Here's a quick benchmark script based on the example usage for GPT-NeoX that loads the model, then generates text using three prompts. It performs this test for torch_dtype = None, torch.float32, torch.float16 and , torch.bfloat16:

#!/bin/env python

# https://huggingface.co/docs/transformers/en/model_doc/gpt_neox#usage-example
# But modified to debug an issue

import datetime
import gc
import json
import torch

from transformers import GPTNeoXForCausalLM, GPTNeoXTokenizerFast
from transformers.generation import GenerationConfig

def output_generation_step_info(prompt_num, generation_start_dt, generation_previous_dt, step_description):
    generation_current_dt = datetime.datetime.now()
    generation_current_dt_string = generation_current_dt.replace(microsecond = 0).isoformat()
    generation_elapsed = generation_current_dt - generation_start_dt
    generation_elapsed_string = f"{generation_elapsed.total_seconds()}"
    step_elapsed = generation_current_dt - generation_previous_dt
    step_elapsed_string = f"{generation_elapsed.total_seconds()}"
    print(f"\tReached prompt {prompt_num} stage: '{step_description}' at  {generation_current_dt_string}. {step_elapsed_string} seconds elapsed between the previous stage and this stage. {generation_elapsed_string} seconds elapsed for prompt {prompt_num} in total.")
    return generation_current_dt

def generate_text(model, tokenizer, prompt, prompt_num):
    generation_start_dt = datetime.datetime.now()
    generation_start_dt_string = generation_start_dt.replace(microsecond = 0).isoformat()
    generation_previous_dt = generation_start_dt
    print(f"Beginning processing prompt {prompt_num} at {generation_start_dt_string}")

    input_ids = tokenizer(prompt, return_tensors="pt").input_ids.to(model.device)

    generation_previous_dt = output_generation_step_info(prompt_num, generation_start_dt, generation_previous_dt, "Finished tokenizing input.
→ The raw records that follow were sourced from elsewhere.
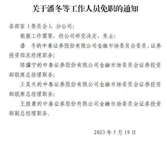 更有截图显示,中泰证券于5月19日下发人事任免文件,免去金融市场委员会四位负责人职务,为自营条线下的证券投资部门。
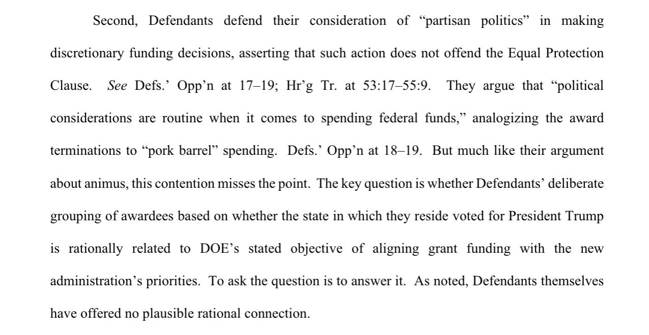 JUST IN: Judge Mehta rules that Trump/Russ Vought's termination of environmental grants during the shutdown â targeted solely at states that voted for Kamala Harris â violated the 5th Amendment's Equal Protection clause and orders them restored.
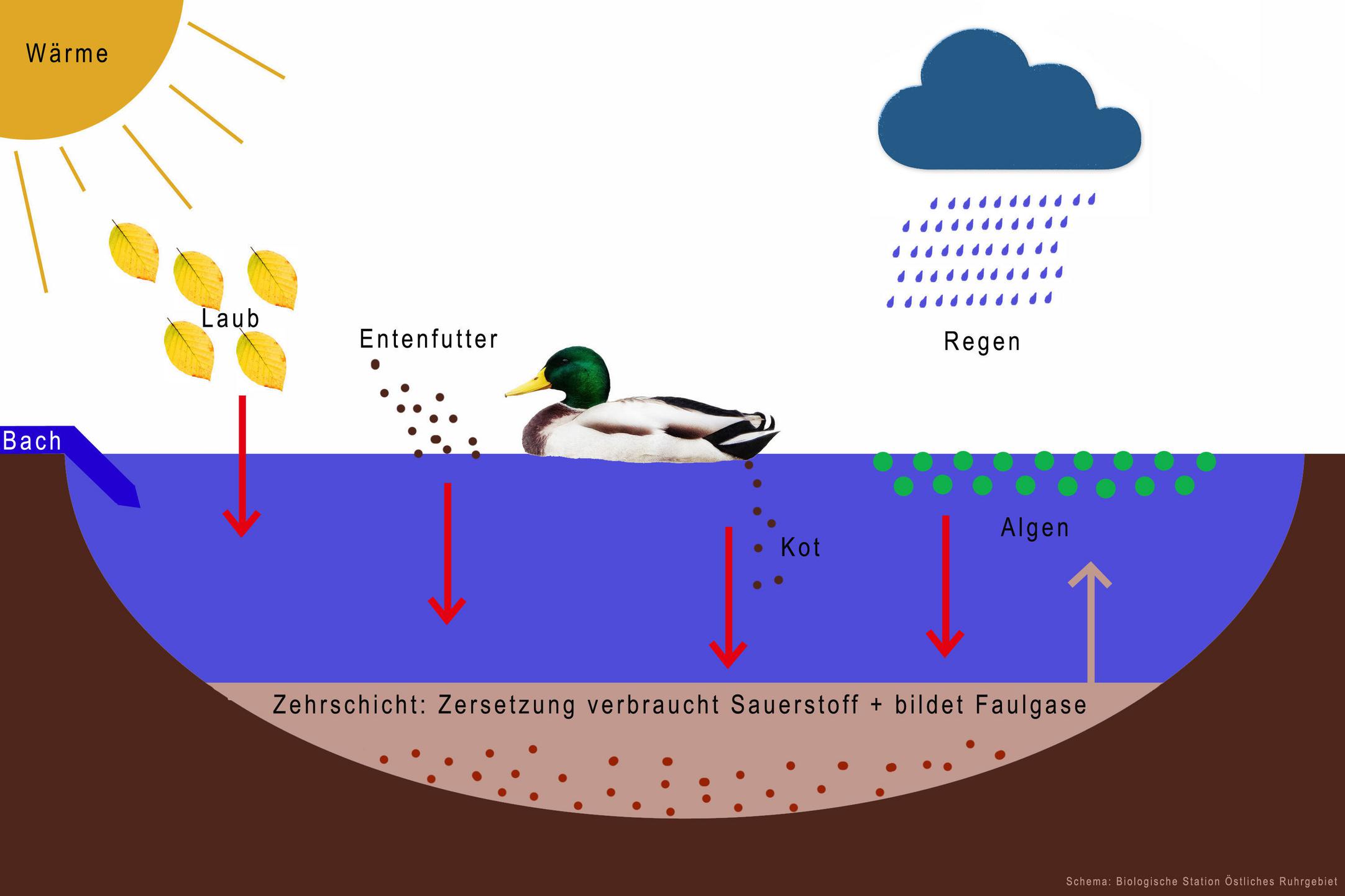 Die Nährstoffe lassen Mikroorganismen und Algen wachsen. Wenn sie später absterben und zu Boden sinken, bilden sie dort eine „Zehrschicht“. Bei der Zersetzung wird Sauerstoff verbraucht und Faulgas (Methan) produziert. Gerade an warmen Sommertagen gedeihen und zersetzen sich die Pflanzen und Bakterien bestens. Erschwerend kommt hinzu, dass sommerwarmes Wasser ohnehin weniger Sauerstoff halten kann als kaltes Wasser. So fehlt den Tieren am Grund des Sees die Luft zum Atmen: Fische schnappen dann an der Oberfläche nach Luft, vor allem wenn der See flach ist.
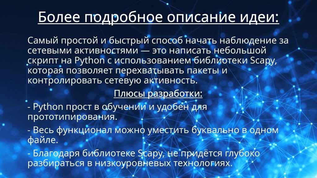 - Благодаря библиотеке Scapy, не придётся глубоко
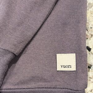 beautiful muted purple, easy to layer. Small pinhole in right cuff, last picture reflects.

Creating attention mask.")

    attn_masks = torch.ones_like(input_ids)

    generation_previous_dt = output_generation_step_info(prompt_num, generation_start_dt, generation_previous_dt, "Finished creating attention mask. Generating output.")
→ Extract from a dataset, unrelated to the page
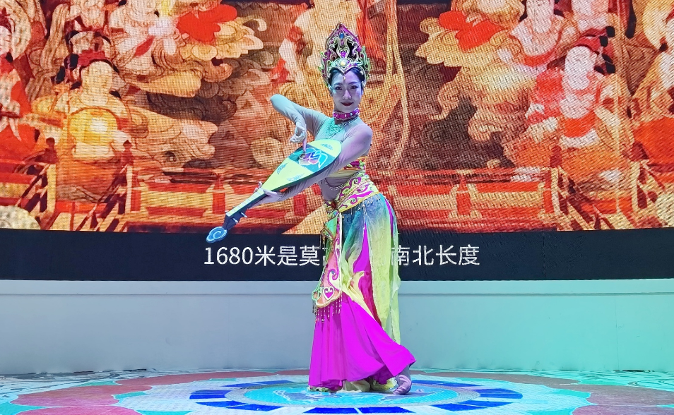 展覽現(xiàn)場,甘肅歌劇院的6名專業(yè)演員在甘肅展館和整個展館內(nèi)開展游園式巡演活動。演員們帶來的《年年有魚》《反彈琵琶》等精品舞蹈曼妙傳神,以一種更加“親民”的藝術(shù)形式吸引廣大中外客商和觀眾聚集甘肅展區(qū)領(lǐng)略甘肅風(fēng)采。
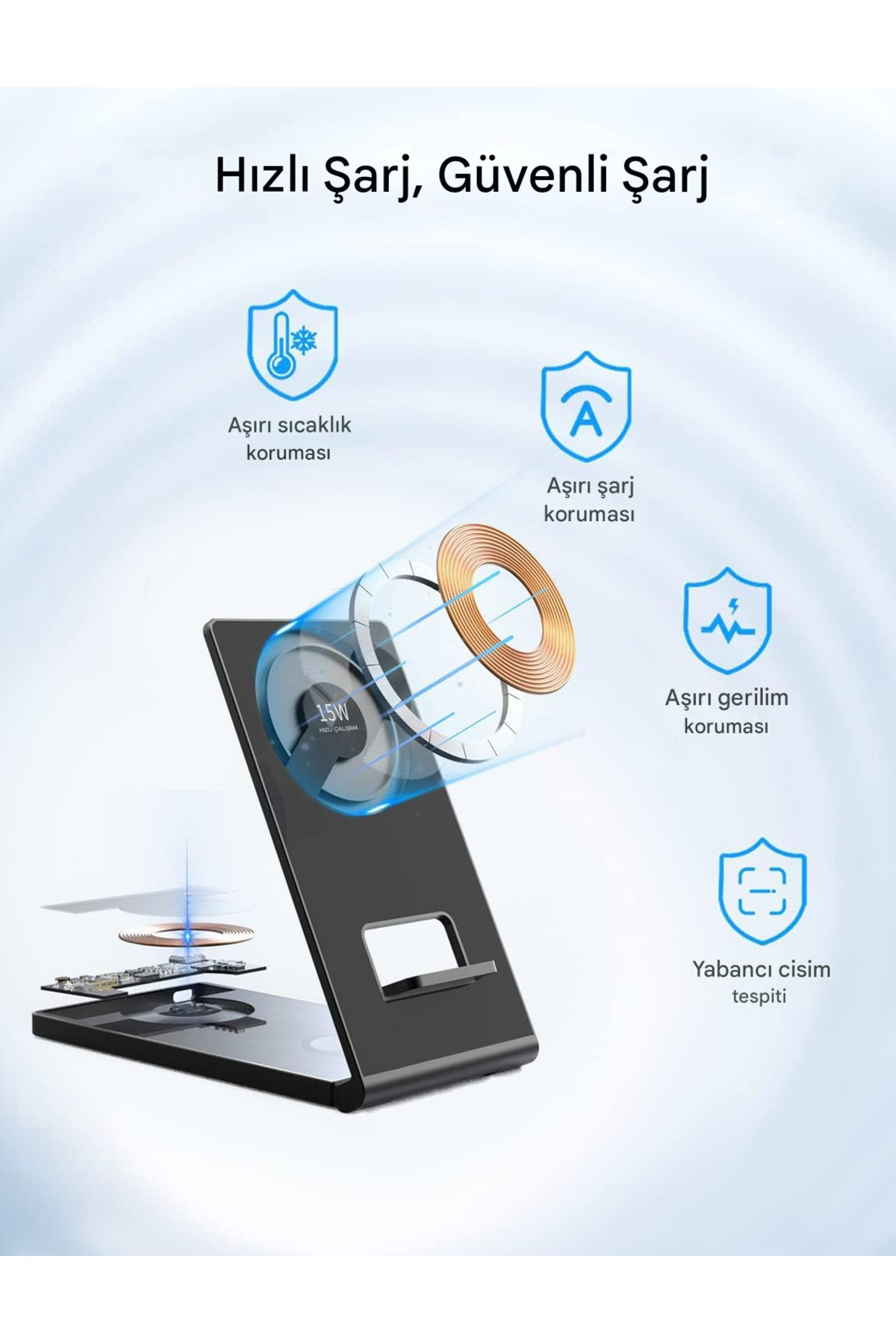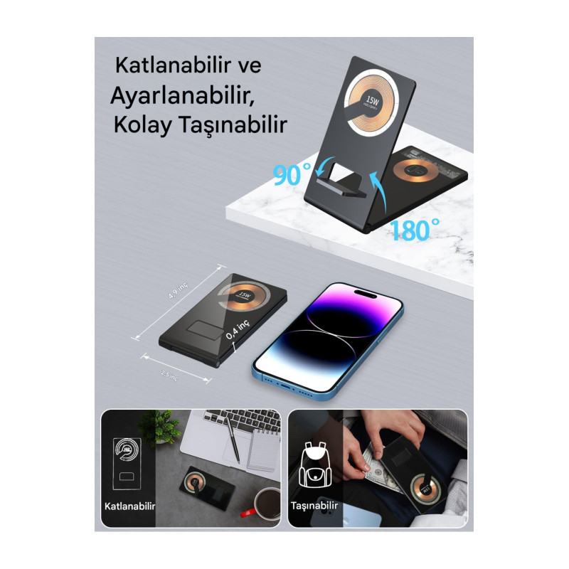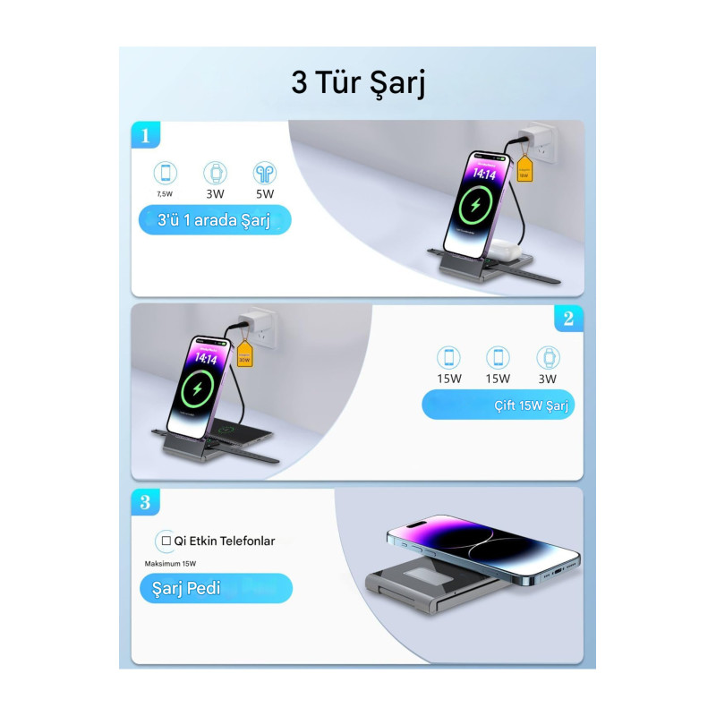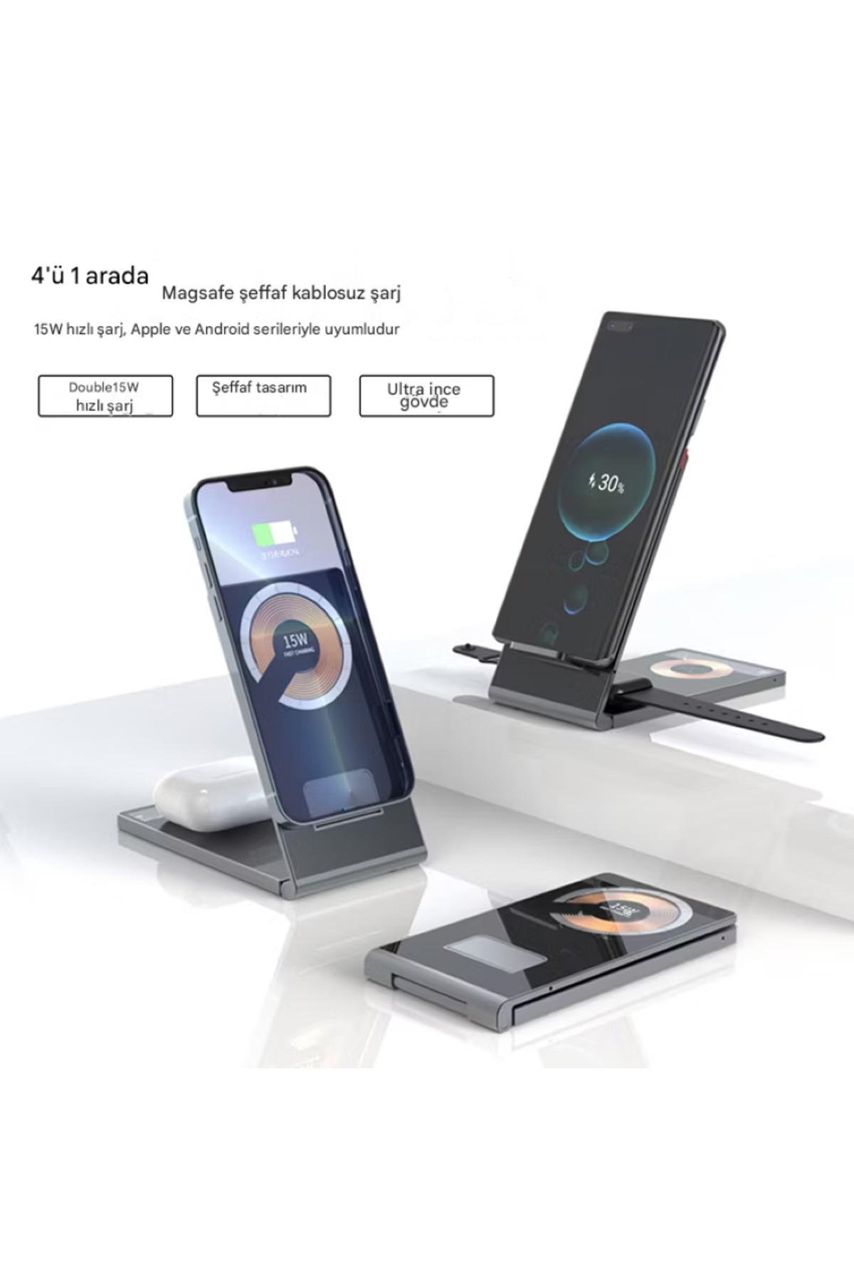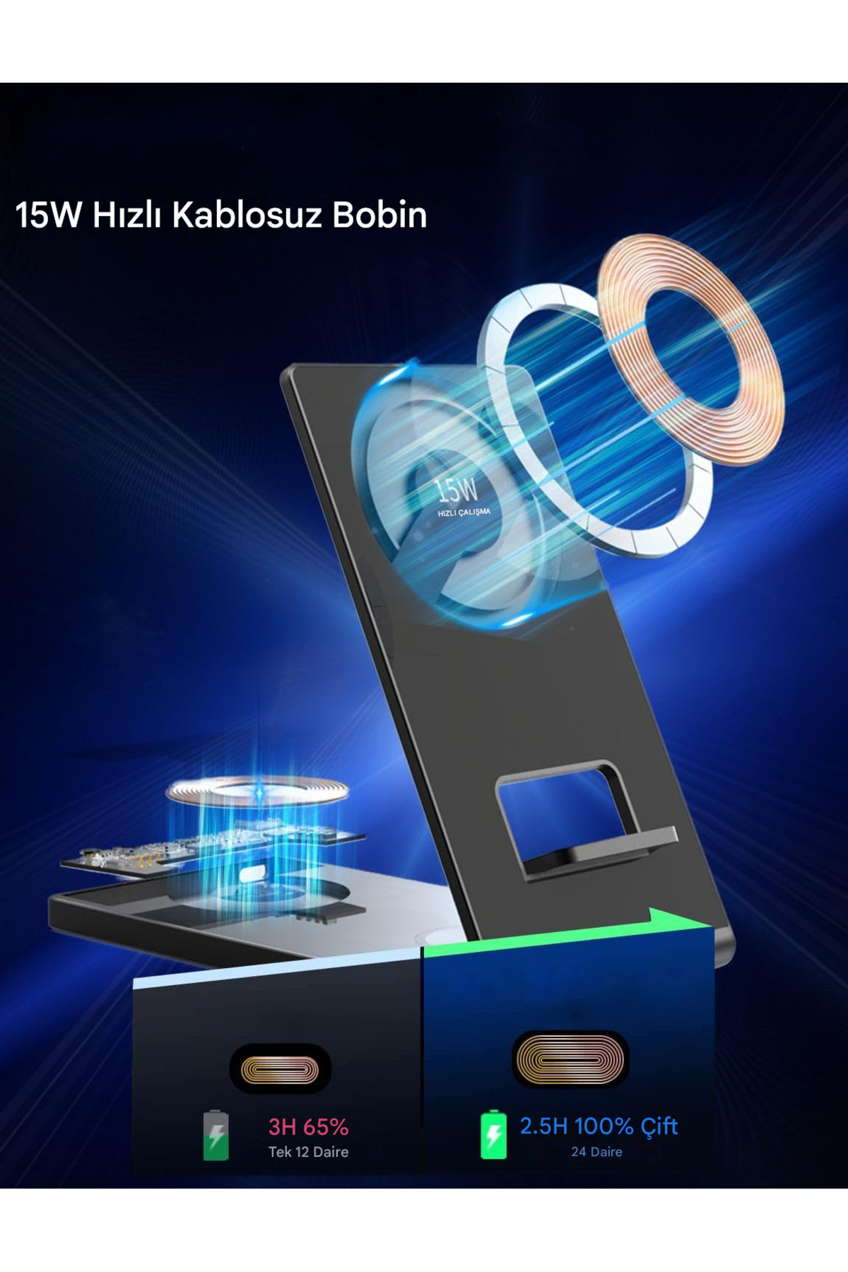 Masanızdaki ve çantanızdaki kablo dağınıklığından kurtulun! Telefonunuzu, akıllı saatinizi ve kablosuz kulaklığınızı aynı anda, tek bir şık stant üzerinde şarj edin. Katlanabilir yapısı sayesinde ister ofiste kullanın, ister seyahatte yanınızda taşıyın.

    existing_config_dict = model.generation_config.to_dict()

    gen_config = GenerationConfig.from_dict(config_dict = existing_config_dict)

    gen_config.do_sample = False
    gen_config.temperature = 1.0
    gen_config.max_length = 80

    gen_tokens = model.generate(
        input_ids,
        attention_mask = attn_masks,   
        generation_config = gen_config
    )

    generation_previous_dt = output_generation_step_info(prompt_num, generation_start_dt, generation_previous_dt, "Finished generating output. Decoding token IDs to text.")

    gen_text = tokenizer.batch_decode(gen_tokens)[0]

    generation_previous_dt = output_generation_step_info(prompt_num, generation_start_dt, generation_previous_dt, "Finished decoding token IDs to text.")

    print(f"Model input: '{prompt}'\nModel output: '{gen_text}'")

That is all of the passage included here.